> **Raw data**:
---+---

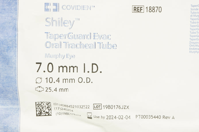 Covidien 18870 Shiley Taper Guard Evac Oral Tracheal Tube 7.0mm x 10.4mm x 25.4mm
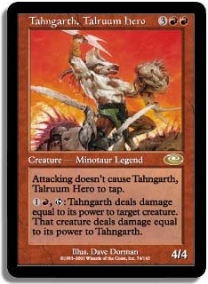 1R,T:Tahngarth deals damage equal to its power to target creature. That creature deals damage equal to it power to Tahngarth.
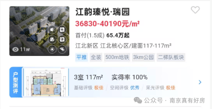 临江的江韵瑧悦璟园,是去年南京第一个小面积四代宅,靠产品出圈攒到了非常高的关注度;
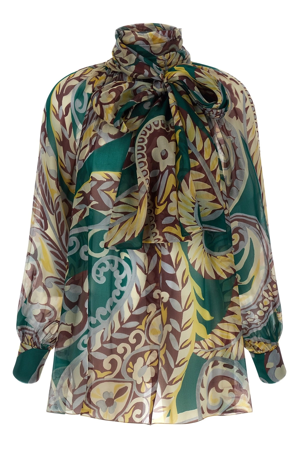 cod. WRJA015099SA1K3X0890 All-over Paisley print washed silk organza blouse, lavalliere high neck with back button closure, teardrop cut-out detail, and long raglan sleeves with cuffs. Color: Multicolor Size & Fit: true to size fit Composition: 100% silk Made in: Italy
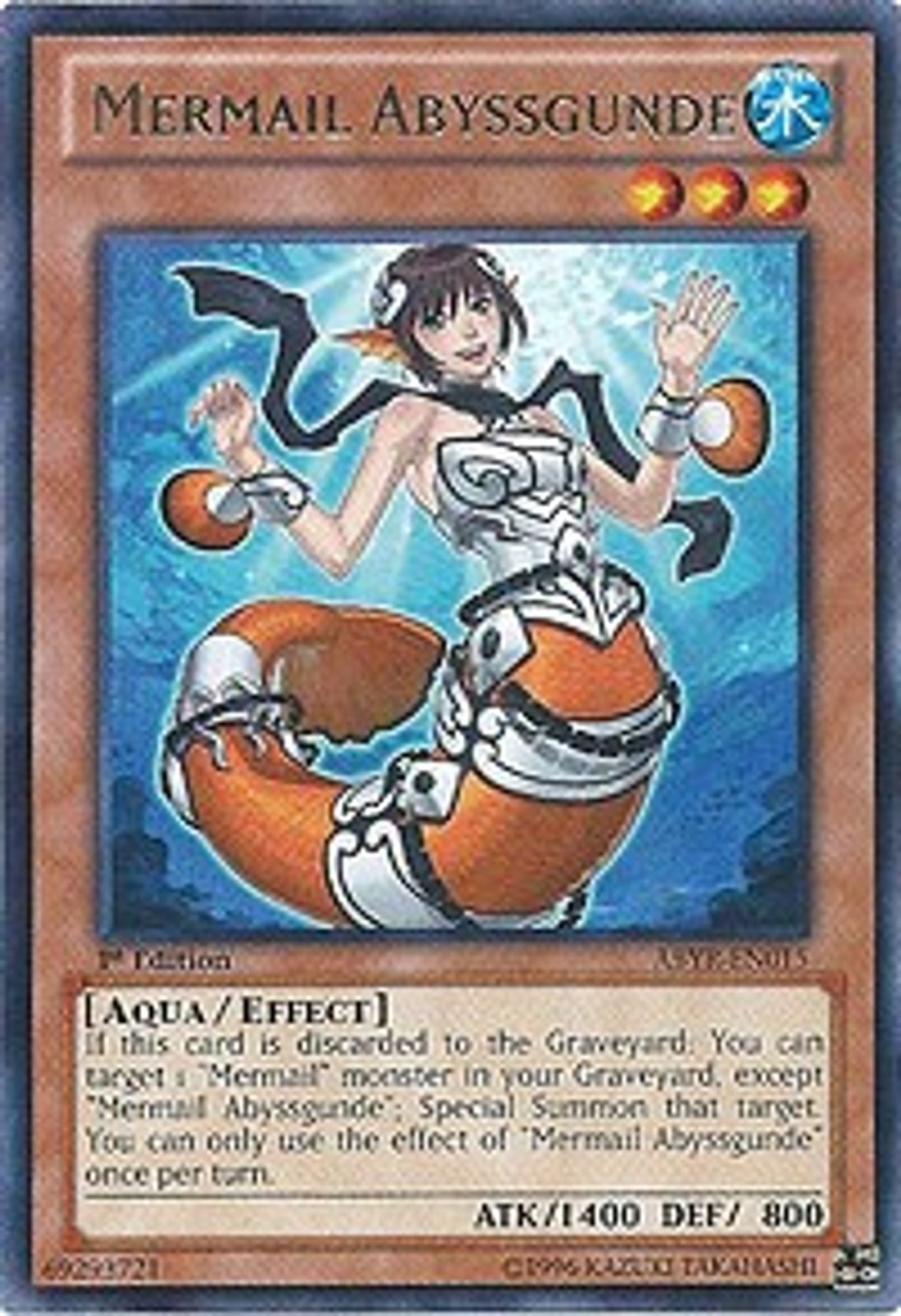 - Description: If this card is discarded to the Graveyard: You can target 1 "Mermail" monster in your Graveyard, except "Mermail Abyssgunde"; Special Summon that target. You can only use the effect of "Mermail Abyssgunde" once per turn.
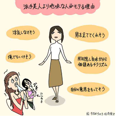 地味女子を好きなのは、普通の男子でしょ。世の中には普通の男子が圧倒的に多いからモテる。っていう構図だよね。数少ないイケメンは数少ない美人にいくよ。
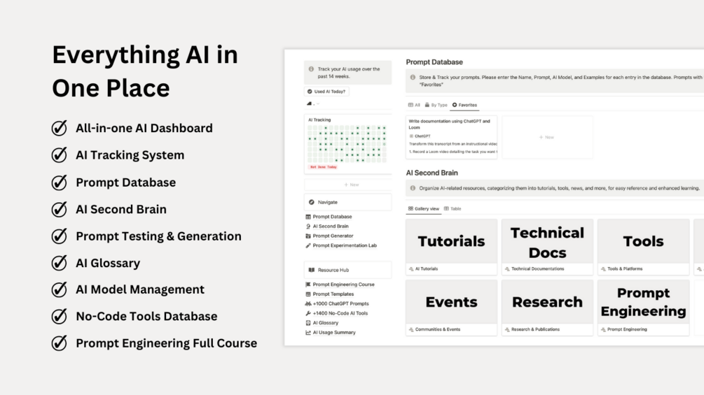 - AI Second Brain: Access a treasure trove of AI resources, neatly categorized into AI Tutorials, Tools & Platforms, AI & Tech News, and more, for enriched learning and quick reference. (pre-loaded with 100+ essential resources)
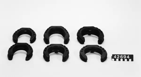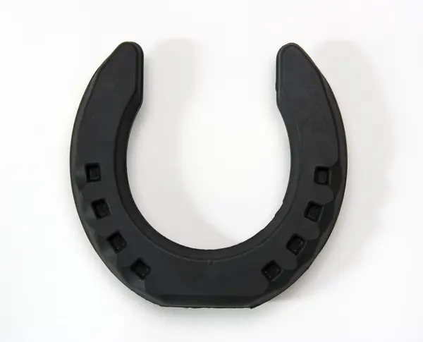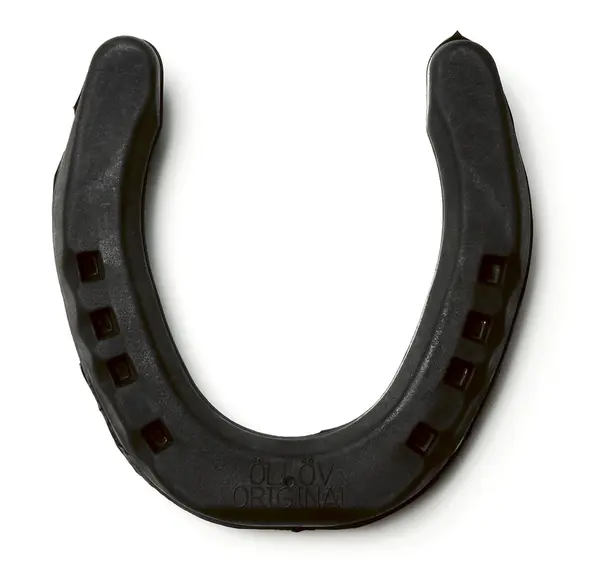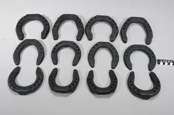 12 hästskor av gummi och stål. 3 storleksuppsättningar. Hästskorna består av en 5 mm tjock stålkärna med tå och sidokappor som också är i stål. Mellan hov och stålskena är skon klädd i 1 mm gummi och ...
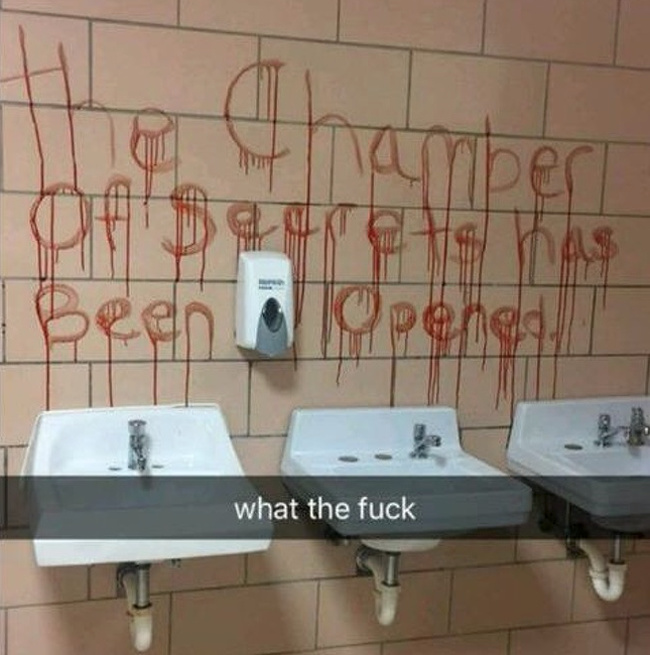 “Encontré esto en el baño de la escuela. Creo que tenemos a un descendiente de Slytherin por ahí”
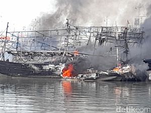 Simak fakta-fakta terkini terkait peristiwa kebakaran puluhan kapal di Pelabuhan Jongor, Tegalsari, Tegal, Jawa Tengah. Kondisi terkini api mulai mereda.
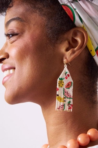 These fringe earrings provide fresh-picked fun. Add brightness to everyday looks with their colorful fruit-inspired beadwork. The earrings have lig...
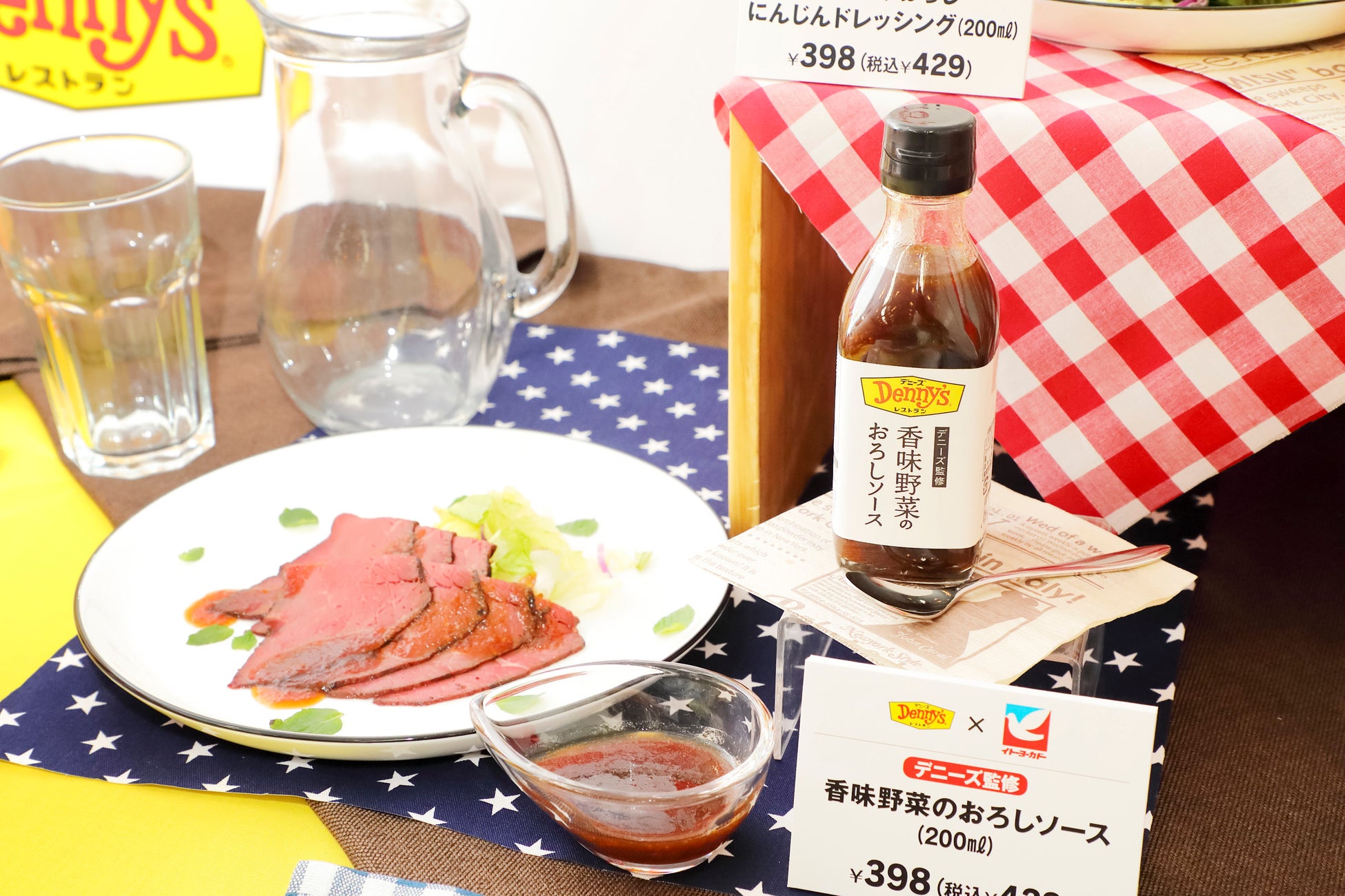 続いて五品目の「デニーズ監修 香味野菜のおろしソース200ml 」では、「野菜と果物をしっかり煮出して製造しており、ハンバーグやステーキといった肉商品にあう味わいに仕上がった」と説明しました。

---+---

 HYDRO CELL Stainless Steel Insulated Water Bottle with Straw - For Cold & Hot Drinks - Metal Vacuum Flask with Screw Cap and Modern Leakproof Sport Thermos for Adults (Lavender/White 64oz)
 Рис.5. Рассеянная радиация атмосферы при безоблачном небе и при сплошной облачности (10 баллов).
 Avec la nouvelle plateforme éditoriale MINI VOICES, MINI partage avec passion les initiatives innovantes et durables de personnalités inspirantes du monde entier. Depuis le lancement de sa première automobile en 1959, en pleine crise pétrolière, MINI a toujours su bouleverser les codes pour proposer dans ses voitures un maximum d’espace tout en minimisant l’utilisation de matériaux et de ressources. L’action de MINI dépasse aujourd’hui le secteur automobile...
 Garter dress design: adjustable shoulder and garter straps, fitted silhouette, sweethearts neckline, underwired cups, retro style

---+---

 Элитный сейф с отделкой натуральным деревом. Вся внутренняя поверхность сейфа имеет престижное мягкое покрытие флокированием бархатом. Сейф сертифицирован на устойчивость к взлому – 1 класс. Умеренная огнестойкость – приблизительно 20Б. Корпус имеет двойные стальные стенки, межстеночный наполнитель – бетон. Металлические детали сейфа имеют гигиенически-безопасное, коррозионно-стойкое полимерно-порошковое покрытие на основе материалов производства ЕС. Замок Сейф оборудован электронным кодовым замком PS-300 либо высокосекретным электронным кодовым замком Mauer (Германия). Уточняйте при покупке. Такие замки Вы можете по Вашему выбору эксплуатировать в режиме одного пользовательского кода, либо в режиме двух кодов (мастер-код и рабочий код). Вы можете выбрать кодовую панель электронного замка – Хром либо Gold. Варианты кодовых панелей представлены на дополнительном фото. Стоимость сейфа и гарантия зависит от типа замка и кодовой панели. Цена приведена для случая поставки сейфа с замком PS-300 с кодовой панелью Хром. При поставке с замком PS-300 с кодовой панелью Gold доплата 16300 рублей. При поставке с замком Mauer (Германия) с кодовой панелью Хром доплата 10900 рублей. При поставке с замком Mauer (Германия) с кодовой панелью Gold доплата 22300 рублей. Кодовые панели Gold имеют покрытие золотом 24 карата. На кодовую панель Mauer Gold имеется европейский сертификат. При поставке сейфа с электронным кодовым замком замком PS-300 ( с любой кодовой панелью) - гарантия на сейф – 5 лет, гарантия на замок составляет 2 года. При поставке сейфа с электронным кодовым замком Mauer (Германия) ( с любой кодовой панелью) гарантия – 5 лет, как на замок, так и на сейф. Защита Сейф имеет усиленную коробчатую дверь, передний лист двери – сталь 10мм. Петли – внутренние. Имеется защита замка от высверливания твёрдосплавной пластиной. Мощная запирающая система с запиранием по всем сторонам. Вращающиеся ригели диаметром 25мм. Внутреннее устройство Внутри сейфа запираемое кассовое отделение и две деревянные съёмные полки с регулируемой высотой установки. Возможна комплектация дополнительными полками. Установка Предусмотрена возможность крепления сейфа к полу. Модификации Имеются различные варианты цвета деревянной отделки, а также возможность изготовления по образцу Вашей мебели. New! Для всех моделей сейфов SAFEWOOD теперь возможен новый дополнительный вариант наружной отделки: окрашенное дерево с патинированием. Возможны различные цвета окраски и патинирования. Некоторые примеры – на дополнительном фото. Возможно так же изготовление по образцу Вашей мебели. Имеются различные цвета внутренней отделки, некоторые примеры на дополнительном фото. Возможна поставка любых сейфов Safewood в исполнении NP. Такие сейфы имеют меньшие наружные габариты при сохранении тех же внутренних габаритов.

---+---

> **Assignment**: Of all the entries above, repeat only the lines from the line that has "Рис.5. Рассеянная радиация" to the line that has "Garter dress design: adjustable", both lines included, exactly.

> **Response to the exercise**:
 Рис.5. Рассеянная радиация атмосферы при безоблачном небе и при сплошной облачности (10 баллов).
 Avec la nouvelle plateforme éditoriale MINI VOICES, MINI partage avec passion les initiatives innovantes et durables de personnalités inspirantes du monde entier. Depuis le lancement de sa première automobile en 1959, en pleine crise pétrolière, MINI a toujours su bouleverser les codes pour proposer dans ses voitures un maximum d’espace tout en minimisant l’utilisation de matériaux et de ressources. L’action de MINI dépasse aujourd’hui le secteur automobile...
 Garter dress design: adjustable shoulder and garter straps, fitted silhouette, sweethearts neckline, underwired cups, retro style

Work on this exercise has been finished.